Representation of movements seems to be very dependent on what the movement is performed for. Kinematic and spatiotemporal variables are not stably represented across similar movements with different purposes (Figs. 4-5). Given the sequential nature of the task, Return and Go trajectories are both required to eventually get a reward. While both trajectories have a goal: Return ➔ auditory stimulus, Go ➔ water droplet, they differ in that Go trajectories are performed to receive something rewarding. Indeed, we hypothesize that movements that can lead to a reward are better represented by EPN neurons. A similar conclusion was reached (Gdowski et al., 2001) in primates performing wrist movements, where they found that wrist movements that led to reward modulated a higher fraction of units than wrist movements that did not lead to a reward. The findings in this study differ in that kinematic relationships were indeed found in the Return trajectories, but they were attenuated.

An important finding of this study is that spatio-temporal variables are better at explaining EPN activity than purely kinematic ones, for both Go and Return trajectories (Fig. 4D). Further, these spatio-temporal variables are sensitive to action value (Fig. 4N, false alarm trials have a lower R2 in the spatio-temporal model). Importantly, we did not find that kinematic representation was affected by action value. Only false alarm trials had a weaker relation with spatio-temporal variables than correct trials. It is possible that value influences the spatio-temporal dynamics [akin to reward prediction error, (Dayan & Balleine, 2002)]. A previous finding focusing on the decision properties of the GPi neurons found that the main correlate that the GPi has, as compared to other brain regions, was a temporal component which they called urgency (Thura & Cisek, 2017). This is similar to our finding that spatio-temporal dynamics dominate EPN activity. They found that decision was not as well represented in the GPi compared to other cortical regions. This suggests that more than movement per se, the EPN might compute contextual relationships present in the task.

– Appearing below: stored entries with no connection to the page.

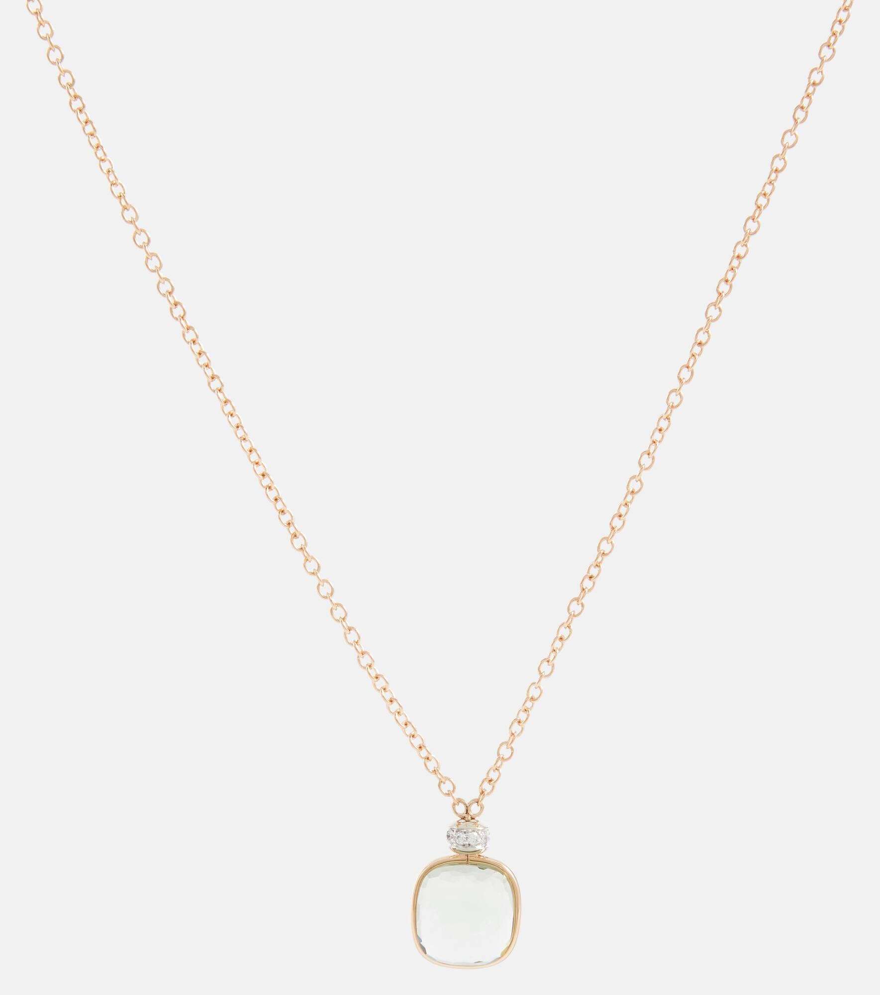 Pomellato’s Nudo necklace is an ethereal construction defined by its use of prasiolite. The gemstone is bonded by a gold band in the brand’s unique Clessidra cut. Made from 18kt Rhodium-plated rose gold and white gold, this piece is finished with a delicate chain and dazzling 0.1ctw white diamonds set into the roundel. Product Details - Material: 18kt rose gold, 18kt white gold - Made in Italy - Stone I: prasiolite - Stone II: diamonds - Closure: lobster-clasp fastening - Item number: P00836650 Size & Fit - Adjustable length - Width 2mm-0.1" - Pendant length 15mm-0.6" - Pendant width 12mm-0.45" - Min. length 37,5cm-15" - Max. length 42cm-16.5"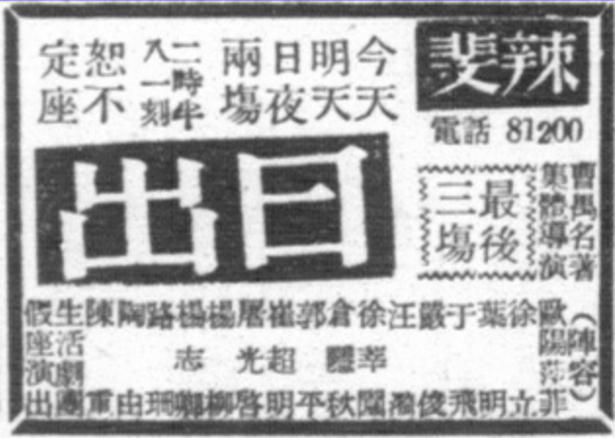 圖二:《申報(bào)》的《日出》演出廣告,1946年7月27日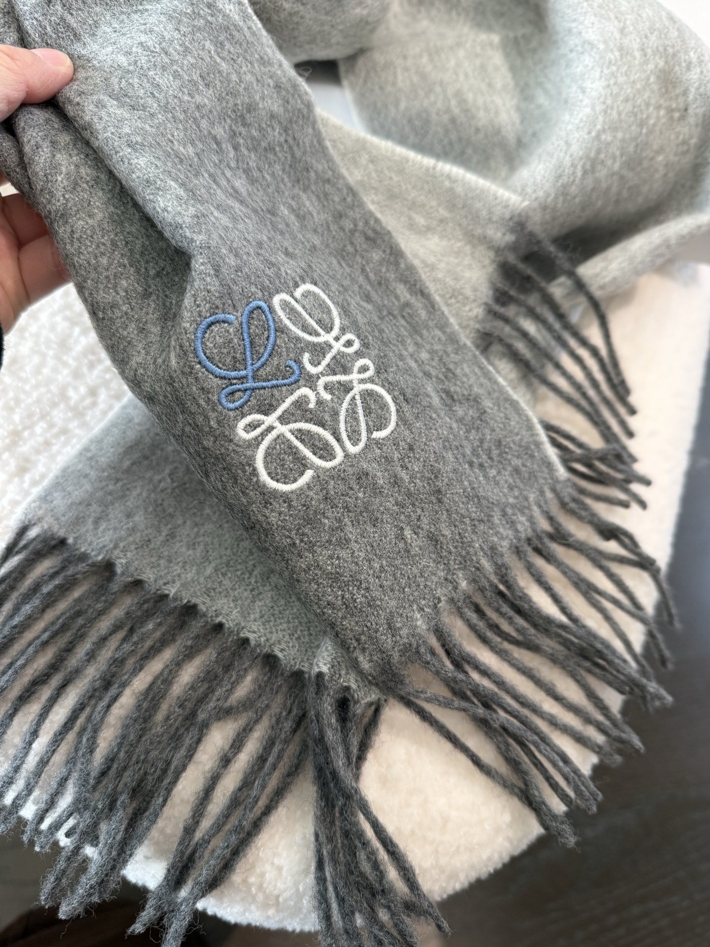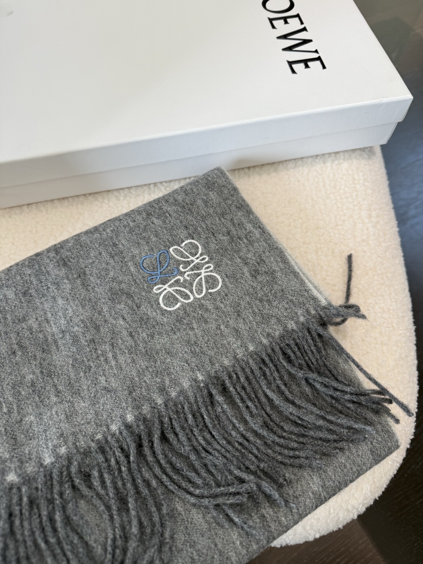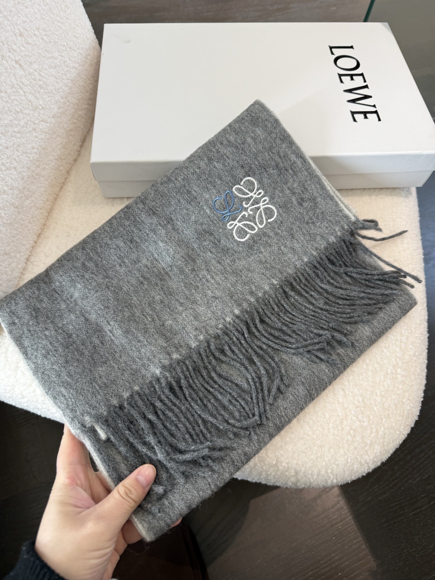 這款圍巾是AAAAA 1:1 質量(非常棒). 使用了和原版一模一樣的材料. 商標部分也保持了和Loewe一樣. 圖片拍攝是實物圍巾拍攝, 您所收到的實物保證和我們圖片一模一樣.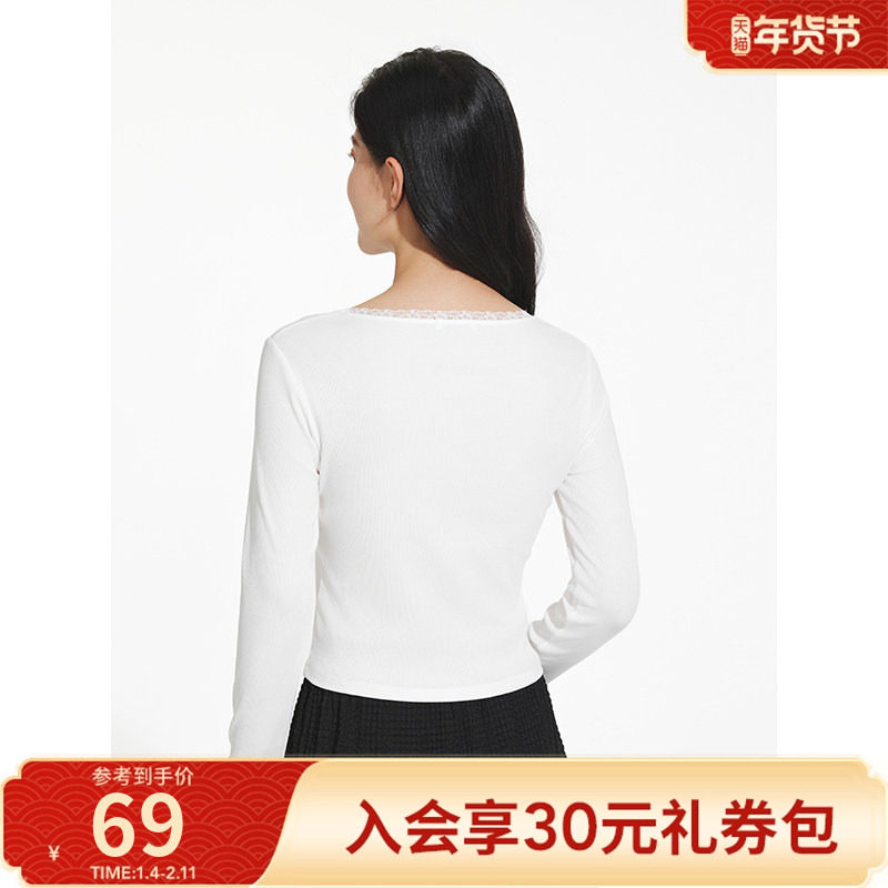 热风2025年秋季新款女士蕾丝大圆领长T甜美百搭修身短款长袖上衣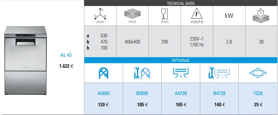 Εξαιρετικά εύκολο στη χρήση : εκτός από το διακόπτη ON / OFF, αυτό το μοντέλο χαρακτηρίζεται από ένα μόνο κουμπί. Έτσι, σημαίνει το κατάλληλο πλυντήριο γυαλιού ακόμη και για μη εκπαιδευμένους χρήστες και εξαιρετικά ταραχώδη μπαρ και παμπ.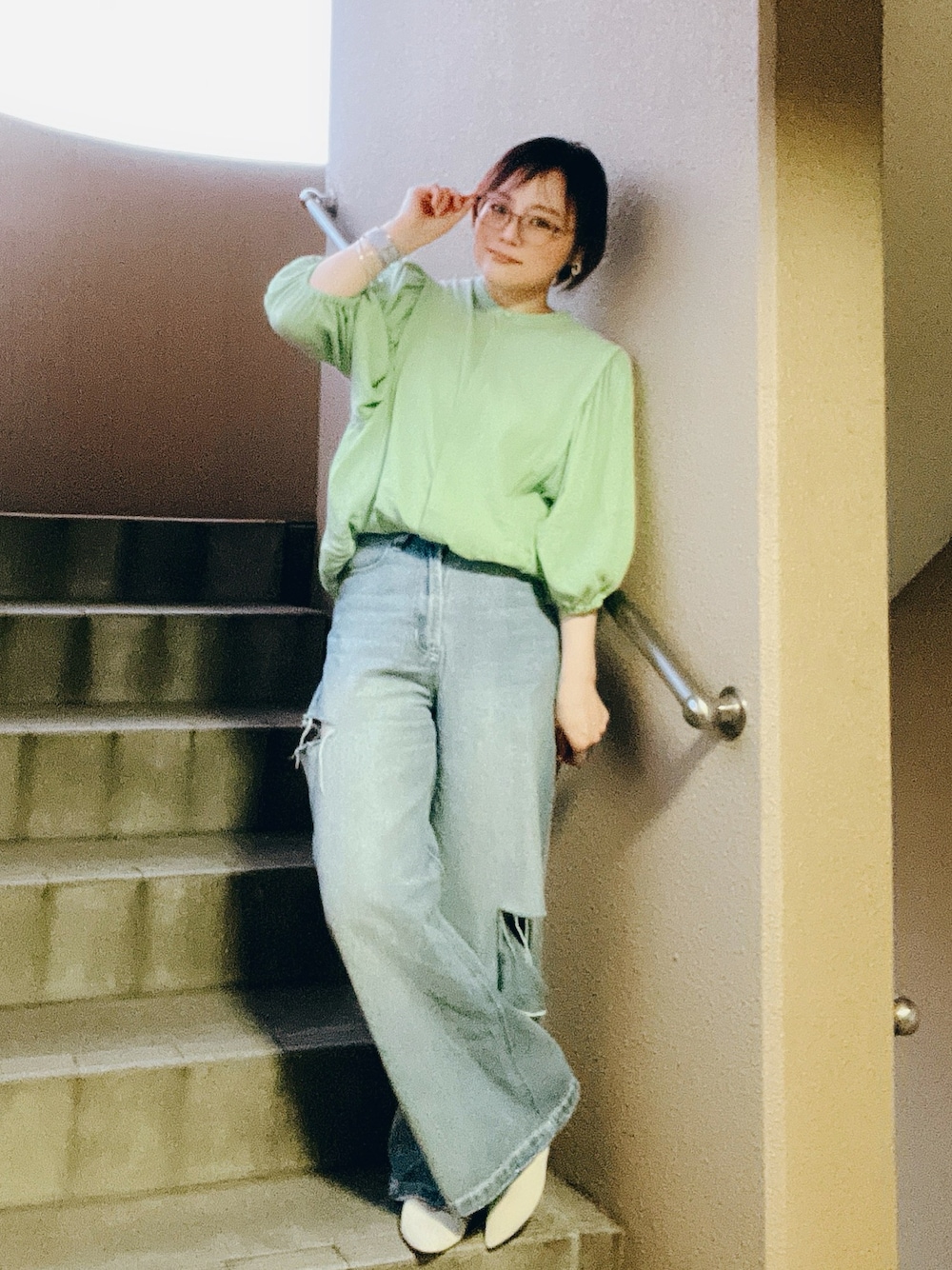 グリーン×ライトブルー 夕暮れ時に📷したからか、 ほややーんとした写り そして、いつもながらの風にあおられ、 前髪もほややーん𐤔𐤔 2枚目📷は、ポラロイド風とかいう加工があったので、選んでみました。 足元とピアスはホワイト バングルはシルバーに ブラウスは前後2way 今日はボタンのある方(とゆっても、隠しボタンみたいなデザインなので、1番上のボタンしか目視できない𐤔𐤔)を前にして着ました。 この日はすごく暑かったので、このくらいの袖&素材がちょうどよきでした(´˘`*)

There is a longstanding belief that reward related functions in the EPN are separate from motor related functions, since anatomical studies have found two distinct projections to habenula and motor thalamus (Hong & Hikosaka, 2008; Parent et al., 1999; Stephenson-Jones et al., 2016; Wallace et al., 2017). In this study we did not identify recorded units by their projections, however, we could evaluate their sensitivity to reward given the task design. Surprisingly, we did not find differences in the ability of reward sensitive units to encode kinematic and spatiotemporal variables compared to reward insensitive (Fig. 7L-M).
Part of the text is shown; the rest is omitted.